Dangers of alcohol was greater than heroin or cocaine, according to new research.
In an article published in the medical journal Lancet, the drugs expert Professor David Nutt, a former chairman of the government’s drugs advisory England, introducing a new way to measure the damage caused (misuse) of drugs that assess the danger at the individual level as well as the danger to the community as a whole.
The results of the analysis showed that when both of the above factors combined, alcohol abuse is the most dangerous or damaging, only then heroin and then cocaine.
The paper was written by Professor Nutt of Imperial College London, and the Independent Science Committee on Drugs, Dr. Leslie King, who is a UK Expert Adviser for Monitoring Center on Drugs and Addiction Europe, as well as Dr. Lawrence Philips of the London School of Economics and Political Science, as quoted by the Telegraph on November 1, 2010.

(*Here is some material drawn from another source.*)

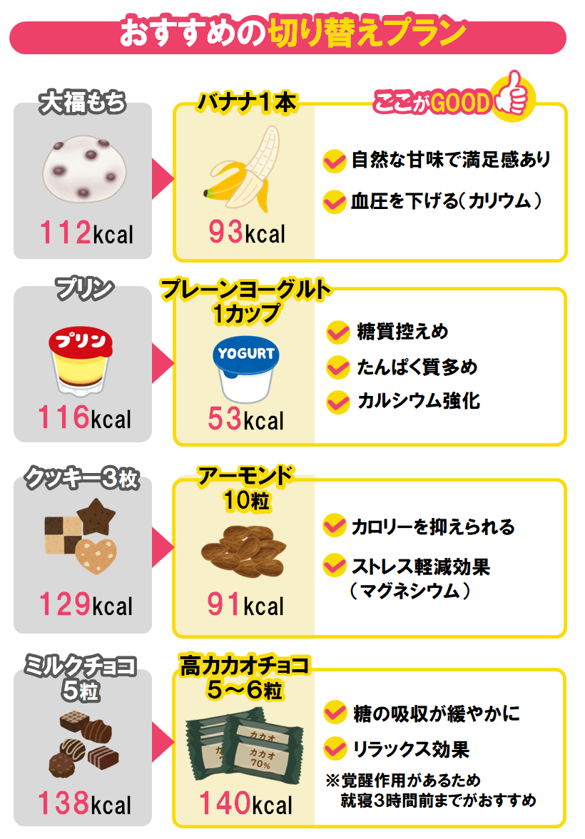 ただ、夜に近づくにつれて脂肪がたまりやすくなるので、間食はできれば19時頃までにしましょう。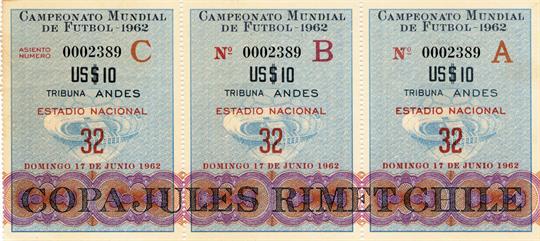 Il biglietto 1962 è molto particolare e suggestivo, la scritta “COPA JULES RIMET CHILE” appare quando i tre tagliandi che compongono il biglietto sono ancora uniti: è davvero molto raro trovarne qualcuno in queste condizioni. Sul biglietto ci sono un pallone e lo Stadio Nacional sovrapposti, il prezzo, il settore e la data dell’incontro. Il tutto in una cornice bianca che insieme ai caratteri scelti per le scritte ne fanno un biglietto “serioso” e importante, molto simile ad un certificato bancario.

The new assessment uses nine categories of danger to self and seven categories of hazards to the community as a whole variety of individuals.
The categories “danger to self” itself covers death or mortality, poor health, decreased intellect, loss of friendships and injury.
The categories “danger to others” include crime, environmental damage, family conflict and decline in community unity.
Heroin, cocaine and crystal meth or methamphetamine are the drugs most harmful to the individual, whereas alcohol, heroin and cocaine are the most harmful to others.
The example shows that in addition to drugs that are most harmful overall, alcohol is almost three times as dangerous as cocaine or tobacco.
It also suggests that alcohol over five times more dangerous than previously mefedron legal in the UK but later classified as a controlled drug of class B in April 2010.
Ecstasy of media attention over the last two decades only one-eighth as dangerous as alcohol in this new analysis.
The experts concluded: “Our findings support previous research conducted in the UK and the Netherlands confirmed that the drugs classification system is currently little relation to the evidence of harm.”
They also agree with the conclusion of previous expert reports that target the very serious dangers of alcohol as a public health strategy is legitimate and necessary.